In an ideal world (which is what we live in now with kernels that are hundreds of megabytes in size running on machines with gigabytes of physical RAM) the kernel would never swap even parts of itself. But in the old days, when physical memory was a constraint, the less of the kernel in physical memory, the more the application could be in physical memory. The more the application is in physical memory, the fewer page faults in user space.

THe linux kernel has been worked over fairly extensively to keep it compact. Case in point: kernel modules. You can load a module using insmod or modprobe, and that module will become resident, but if nothing uses is, after a while it will get swapped out, and that's no big deal because nothing is using it.

Answer 2

Let's assume the kernel needs to access a string of characters from user-space (e.g. maybe a file name passed to an open() system call).

With the kernel in virtual memory; the kernel would have to check that the virtual address of the string is sane (e.g. not an address for kernel's own data) and also guard against a different thread in user-space modifying the data the pointer points to (so that the string can't change while the kernel is using it, possibly after the kernel checked that the string itself is valid but before the kernel uses the string). In theory (and likely in practice) this could all be hidden by a "check virtual address range" function.
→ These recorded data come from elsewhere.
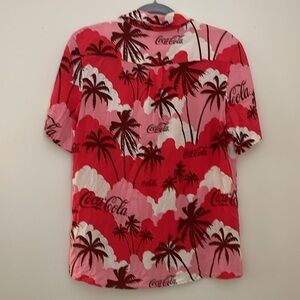 3 for $25! Coca Cola Button Down Hawaiian Shirt Pink and Red Palm Trees Mens SM
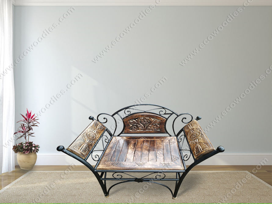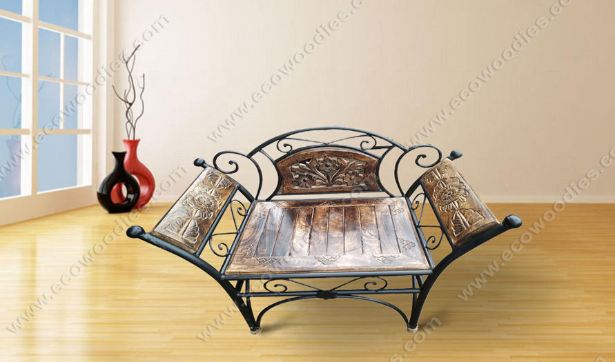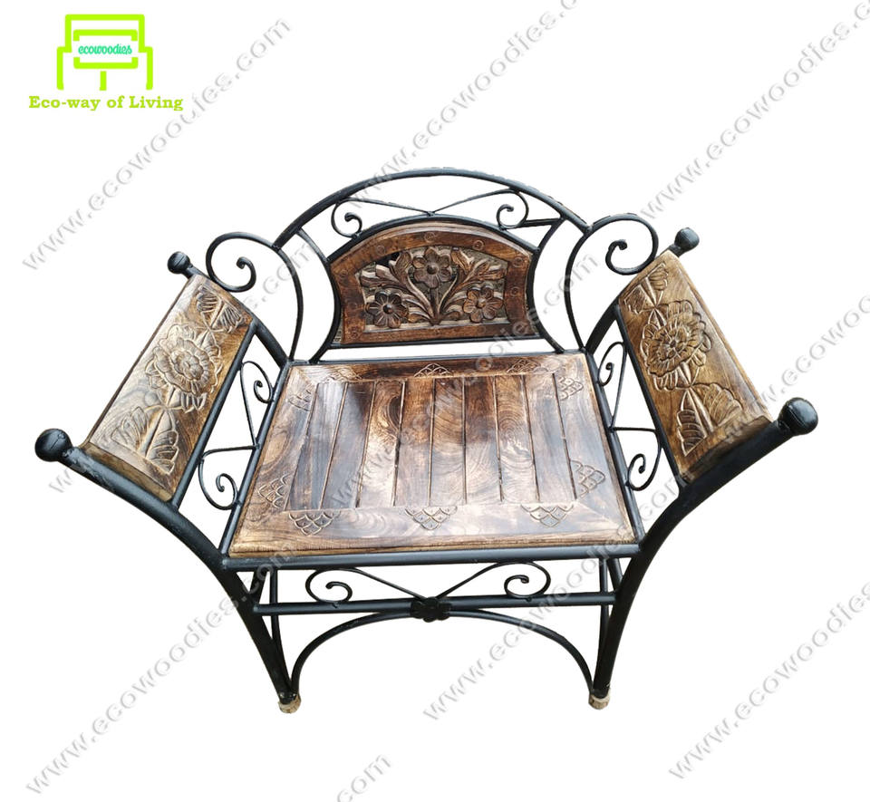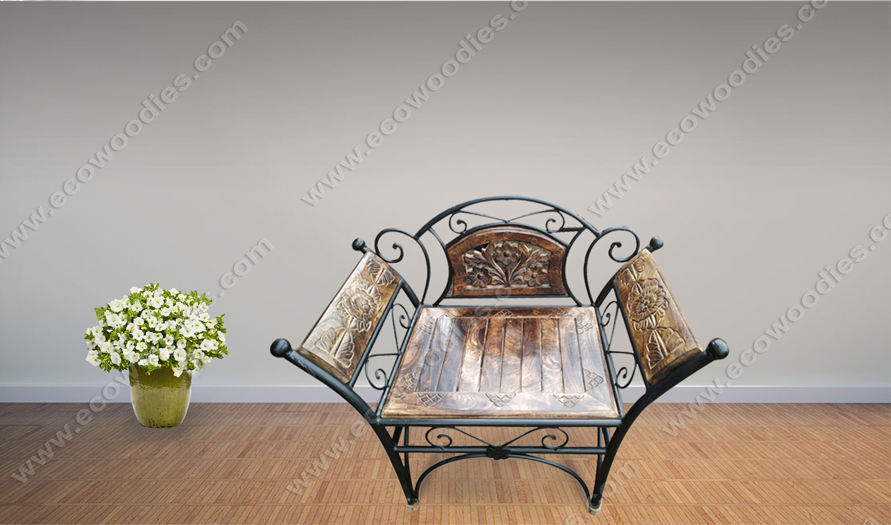 Product name:Handcrafted Iron sofa chair with carved wooden seat
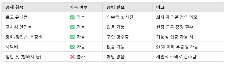 예:“회사에서 유니폼을 제공받았지만, 주 3회 집에서 세탁함→ 세탁비 연간 $150까지 공제 가능 (무증빙)

Apart from those things; kernel can just use the string like normal. If the data is in swap space, then kernel can just let its own page fault handler fetch the data when kernel attempts to access it the data and not worry about it.

With kernel in physical memory; the kernel would still have to do those things (check the virtual address is sane, guard against another thread modifying the data the pointer points to). In addition; it would have to convert the virtual address to a physical addresses itself, and ensure the data is actually in RAM itself. In theory this could still be hidden by a "check virtual address range" function that also converts the virtual address into physical address(es).

However, the "contiguous in virtual memory" data (the string) may not be contiguous in physical memory (e.g. first half of the string in one page with the second half of the string in a different page with a completely unrelated physical address). This means that kernel would have to deal with this problem too (e.g. for a string, even things like strlen() can't work), and it can't be hidden in a "check (and convert) virtual address range" function to make it easier for the rest of the kernel.

To deal with the "not contiguous in physical memory" problem there's mostly only 2 possibilities:

a) A set of "get char/short/int.. at offset N using this list of physical addresses" functions; or

b) Refuse to support it in the kernel; which mostly just shifts unwanted burden to user-space (e.g. the open() function in a C library copying the file name string to a new page if the original string crossed a page boundary before calling the kernel's open() system call).

Answer 3

The point may not be the swapping mechanism.

In a page-based operating system, if there is some execution that is not in the page-based address space, then the existence of that execution needs to be accommodated by all the mechanisms that are page-based and possibly related to that execution, such as the important mechanism in paging: swapping

If you're still confused as to why swapping is more difficult, imagine that you have a chunk of physical memory that isn't paged and may be accessed by all processes. For example, when the chunk has growed, and owns a large space of memory, then the menory is less used and should be swapped out. But the chunk of memory is not paged, how could it be swapped? That leads to a disorder.